Data extracts:

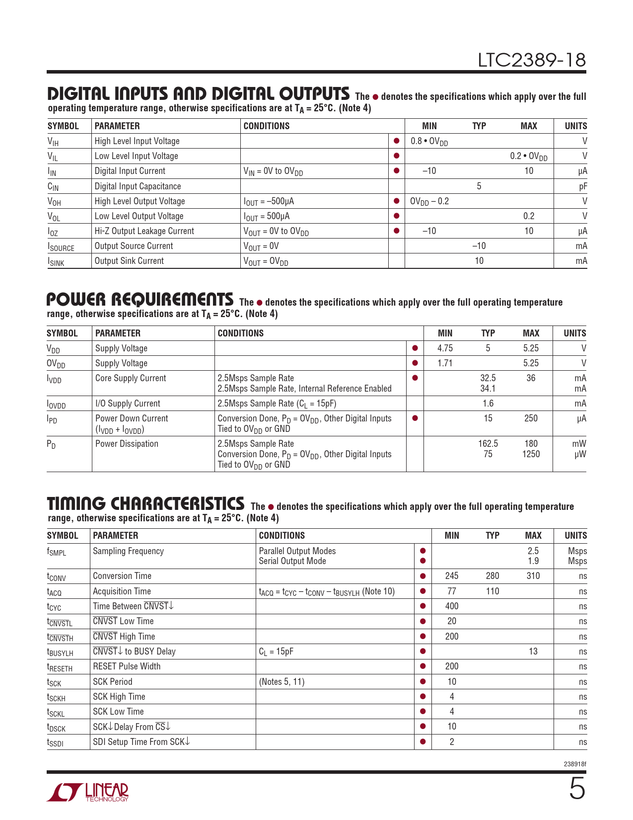 LTC2389-18 DigiTal inpuTs anD DigiTal ouTpuTs The l denotes the specifications which apply over the fulloperating temperature range, otherwise specifications are at TA = 25°C. (Note 4)SYMBOLPARAMETERCONDITIONSMINTYPMAXUNITS VIH High Level Input Voltage l 0.8 • OVDD V VIL Low Level Input Voltage l 0.2 • OVDD V IIN Digital Input Current VIN = 0V to OVDD l –10 10 µA CIN Digital Input Capacitance 5 pF VOH High Level Output Voltage IOUT = –500µA l OVDD – 0.2 V VOL Low Level Output Voltage IOUT = 500µA l 0.2 V IOZ Hi-Z Output Leakage Current VOUT = 0V to OVDD l –10 10 µA ISOURCE Output Source Current VOUT = 0V –10 mA ISINK Output Sink Current VOUT = OVDD 10 mA p ower requiremenTs The l denotes the specifications which apply over the full operating temperaturerange, otherwise specifications are at TA = 25°C. (Note 4)SYMBOLPARAMETERCONDITIONSMINTYPMAXUNITS VDD Supply Voltage l 4.75 5 5.25 V OVDD Supply Voltage l 1.71 5.25 V IVDD Core Supply Current 2.5Msps Sample Rate l 32.5 36 mA 2.5Msps Sample Rate, Internal Reference Enabled 34.1 mA IOVDD I/O Supply Current 2.5Msps Sample Rate (CL = 15pF) 1.6 mA IPD Power Down Current Conversion Done, PD = OVDD, Other Digital Inputs l 15 250 µA (IVDD + IOVDD) Tied to OVDD or GND PD Power Dissipation 2.5Msps Sample Rate 162.5 180 mW Conversion Done, PD = OVDD, Other Digital Inputs 75 1250 µW Tied to OVDD or GND TimingcharacTerisTics The l denotes the specifications which apply over the full operating temperaturerange, otherwise specifications are at TA = 25°C. (Note 4)SYMBOLPARAMETERCONDITIONSMINTYPMAXUNITS fSMPL Sampling Frequency Parallel Output Modes l 2.5 Msps Serial Output Mode l 1.9 Msps tCONV Conversion Time l 245 280 310 ns tACQ Acquisition Time tACQ = tCYC – tCONV – tBUSYLH (Note 10) l 77 110 ns tCYC Time Between CNVST↓ l 400 ns tCNVSTL CNVST Low Time l 20 ns tCNVSTH CNVST High Time l 200 ns tBUSYLH CNVST↓ to BUSY Delay CL = 15pF l 13 ns tRESETH RESET Pulse Width l 200 ns tSCK SCK Period (Notes 5, 11) l 10 ns tSCKH SCK High Time l 4 ns tSCKL SCK Low Time l 4 ns tDSCK SCK↓ Delay From CS↓ l 10 ns tSSDI SDI Setup Time From SCK↓ l 2 ns 238918f 5 Document Outline Features Applications Description Typical Application Absolute Maximum Ratings Pin Configuration Order Information Analog Input Converter Characteristics Dynamic Accuracy Reference Characteristics Digital Inputs And Digital Outputs Power Requirements Timing Characteristics Typical Performance Characteristics Pin Functions Functional Block Diagram Timing Diagrams Applications Information Package Description Typical Application Related Parts
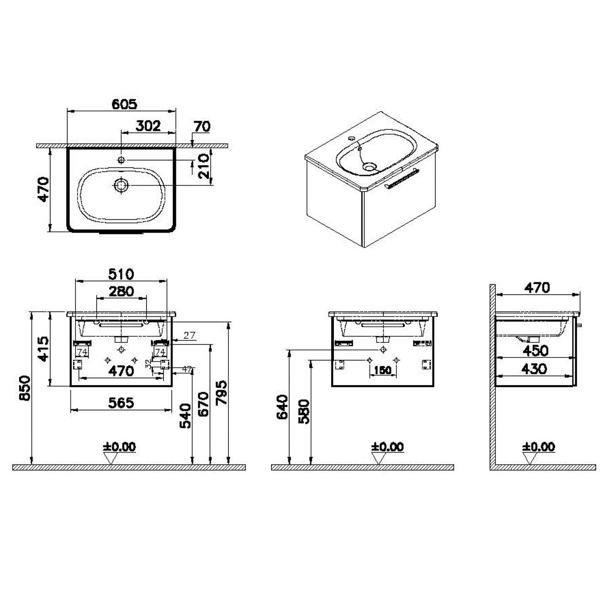 Descriere Calculată 1: Root, Vanity unit, 60 cm,one drawer
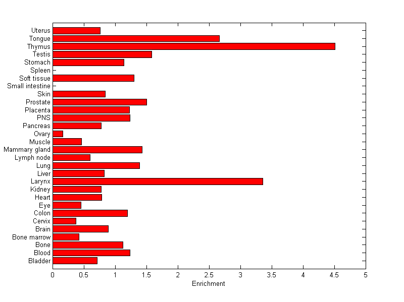 The expression level is normalized with tissue-library size. Each value for a gene in a tissue is a ratio of observed ESTs to the expected one in this tissue. The expected number of ESTs is the product of total ESTs of the gene and the fraction of total ESTs in the tissue among all ESTs in 30 tissues.
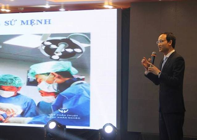 | Bác sĩ Khánh tại đêm ra mắt "Quỹ phẫu thuật bệnh nhân nghèo". |
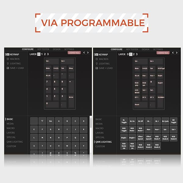 - EPOMAKER CIDOO V21 VIA Programmable Gasket Number Pad, Aluminum Numpad, Bluetooth 5.0/2.4ghz/Wired Hot Swappable Numeric Keypad, with Knob, 1000mAh Battery, Poron Foam for Laptop Mac Win with reliable performance and quality- VIA Programmable Mechanical NumpadThe VIA programmable feature allows you to customize key functions, macros, and lighting to your liking. You can remap keys, create macros, and even adjust the RGB lighting effects, all through the VIA software. This feature
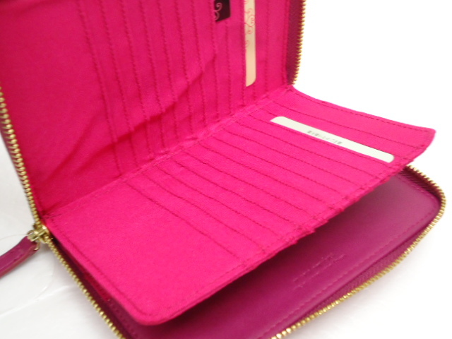 【KCM】SIF-395★新品未使用★【mono amicus/モノアミカス】カードケース 手帳型 ラウンドファスナー イントレチャート ピンク系
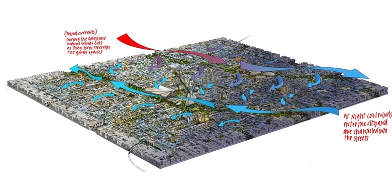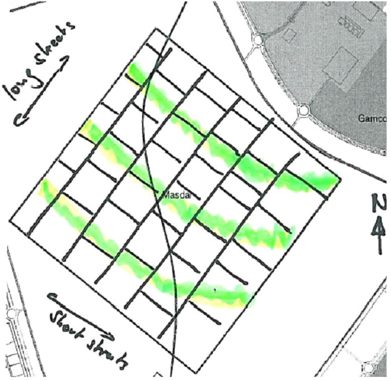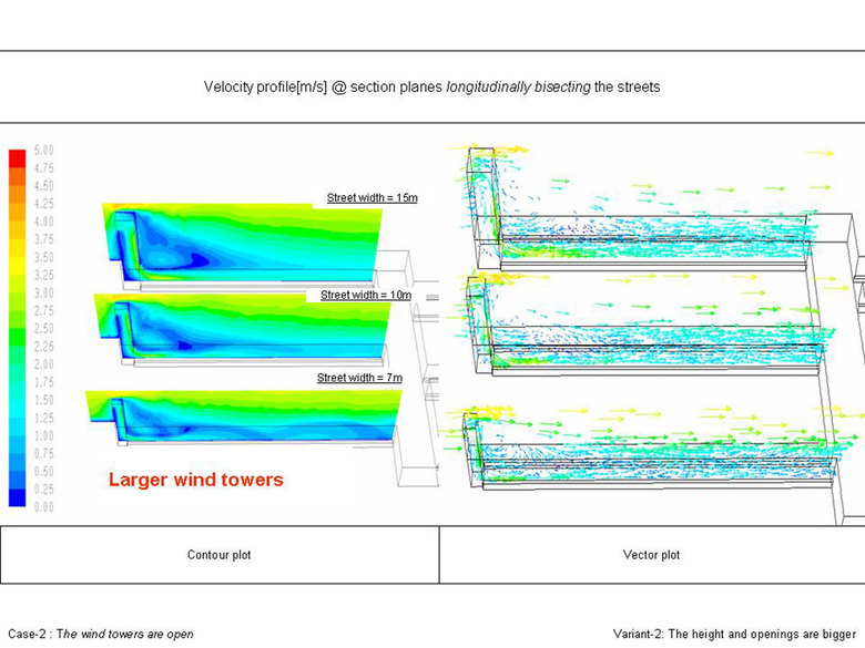 Der Anspruch auf CO2–Neutralität für Masdar City erforderte die Entscheidung, Autos mit Verbrennungsmotoren aus der Stadt zu verbannen. Das reduzierte den Bedarf an Belüftung der Stadt, der u. a. vom so genannten „heat island effect“ abhängt, einem durch Sonneneinstrahlung und städtische Emissionen verursachten Phänomen. Mit Hilfe eines isothermischen Strömungsmodells konnte untersucht werden, wie breit und lang Straßen bevorzugt ausgelegt werden sollten. Um den Einfluss der durch die Photovoltaik-Dächer verursachten hohen solaren Wärmeinträge auf das Mikroklima über der Stadt zu untersuchen, wurde ein vereinfachtes Modell einer ganzen Straße erstellt. Die Ergebnisse erlaubten Rückschlüsse auf die Gestaltung der Straßen und Plätze. Durch detaillierte Modelle konnten Regeln für das Entstehen eines „cold island effect“ abgeleitet werden, das Absenken der Umgebungstemperatur. Außerdem entstand eine Neu-Interpretation des historischen Windturmes der Emirate, der die Straße vor Sonneneinstrahlung und Wind schützt und gleichzeitig als Belüftungselement eingesetzt werden kann. Mit der vorgeschlagenen Ausrichtung und Dimensionierung des Stadtrasters konnten die Anforderungen an Luftqualität gesichert und lokale Klima optimiert werden. Inzwischen sind 50.000 m² des Universitätsgeländes gebaut und Messungen haben ergeben, dass die Konzeption das erwünschte Ergebnis erzeugt.

Task item:
Nothing but the lines from the one with "Bác sĩ Khánh" to the one with "ラウンドファスナー イントレチャート ピンク系" above, both included, should be transcribed, exactly and without pictures.

Answer box:
 | Bác sĩ Khánh tại đêm ra mắt "Quỹ phẫu thuật bệnh nhân nghèo". |
 - EPOMAKER CIDOO V21 VIA Programmable Gasket Number Pad, Aluminum Numpad, Bluetooth 5.0/2.4ghz/Wired Hot Swappable Numeric Keypad, with Knob, 1000mAh Battery, Poron Foam for Laptop Mac Win with reliable performance and quality- VIA Programmable Mechanical NumpadThe VIA programmable feature allows you to customize key functions, macros, and lighting to your liking. You can remap keys, create macros, and even adjust the RGB lighting effects, all through the VIA software. This feature
 【KCM】SIF-395★新品未使用★【mono amicus/モノアミカス】カードケース 手帳型 ラウンドファスナー イントレチャート ピンク系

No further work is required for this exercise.